Firstly, here's a short demo that shows how to get all of the pairs and how to use tuple assignment to grab the individual elements of the pairs of sublists.
from itertools import product
a = [[1,2],[3,4],[7,10]]
b = [[8,6],[1,9],[2,1],[8,8]]
for (u0, u1), (v0, v1) in product(a, b):
print(u0, u1, v0, v1)
output
1 2 8 6
1 2 1 9
1 2 2 1
1 2 8 8
3 4 8 6
3 4 1 9
3 4 2 1
3 4 8 8
7 10 8 6
7 10 1 9
7 10 2 1
7 10 8 8
And here's how to find the sum
of products that you want.
total = sum(u0 * v0 + u1 * v1 for (u0, u1), (v0, v1) in product(a, b))
print(total)
output
593
Here's an alternative approach, using the distributive property, as mentioned by Prune.

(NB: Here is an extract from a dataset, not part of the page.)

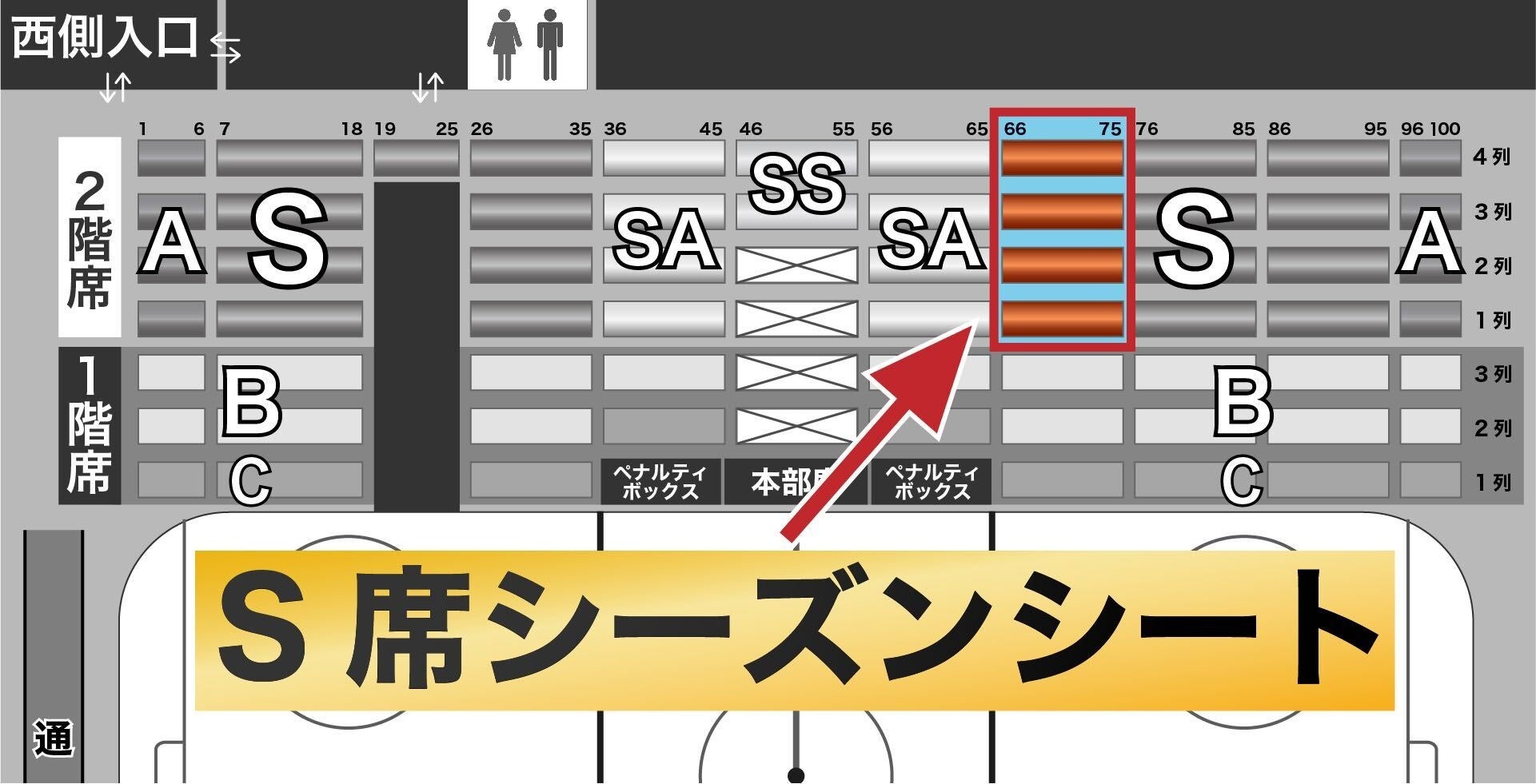 ■カテゴリー :S指定席(西側 2階4列・席番号66-75 区画)

Firstly, here's an unreadable list comprehension version. ;)
a = [[1,2],[3,4],[7,10]]
b = [[8,6],[1,9],[2,1],[8,8]]
print(sum([u*v for u,v in zip(*[[sum(t) for t in zip(*u)] for u in (a, b)])]))
output
593
By the distributive law, the sum you want from the given input data can be written as
(1 + 3 + 7) * (8 + 1 + 2 + 8) + (6 + 9 + 1 + 8) * (2 + 4 + 10)
We can re-arrange the data to produce that expression as follows.
# Use zip to transpose each of the a & b lists.
for u in (a, b):
for t in zip(*u):
print(t)
output
(1, 3, 7)
(2, 4, 10)
(8, 1, 2, 8)
(6, 9, 1, 8)
Now we modify that slightly to get the sums of those lists
# Use zip to transpose each of the a & b lists and compute the partial sums.
partial_sums = []
for u in (a, b):
c = []
for t in zip(*u):
c.append(sum(t))
partial_sums.append(c)
print(partial_sums)
output
[[11, 16], [19, 24]]
Now we just need to multiply the corresponding items of those lists, and add those products together to get the final sum. Once again, we use zip
to perform the transposition.
total = 0
for u, v in zip(*partial_sums):
print(u, v)
total += u * v
print(total)
output
11 19
16 24
593
If your only need is to return that conglomerate sum, I suggest that you quit doing all of that complex work: apply the distributive property. From your example, I'm not sure how thoroughly you are making your cross-products, but this collapses the example to do all elements of each.
sum1 = sum(sum(_) for _ in a)
sum2 = sum(sum(_) for _ in b)
return sum1 * sum2
I suggest stepping back from the code and breaking this down into smaller parts. First, multiply each element from two lists, pairwise.
Second, given a list of lists a
and a list of numbers b
, multiply each list of a
pairwise by b
. This can reuse the solution to part 1.
Finally, solve your original problem with two lists of lists by reusing part 2.
Note how I am describing each of these pieces in words without worrying too much about Python syntax. Now that we have a description in words, it is easier to translate it into Python.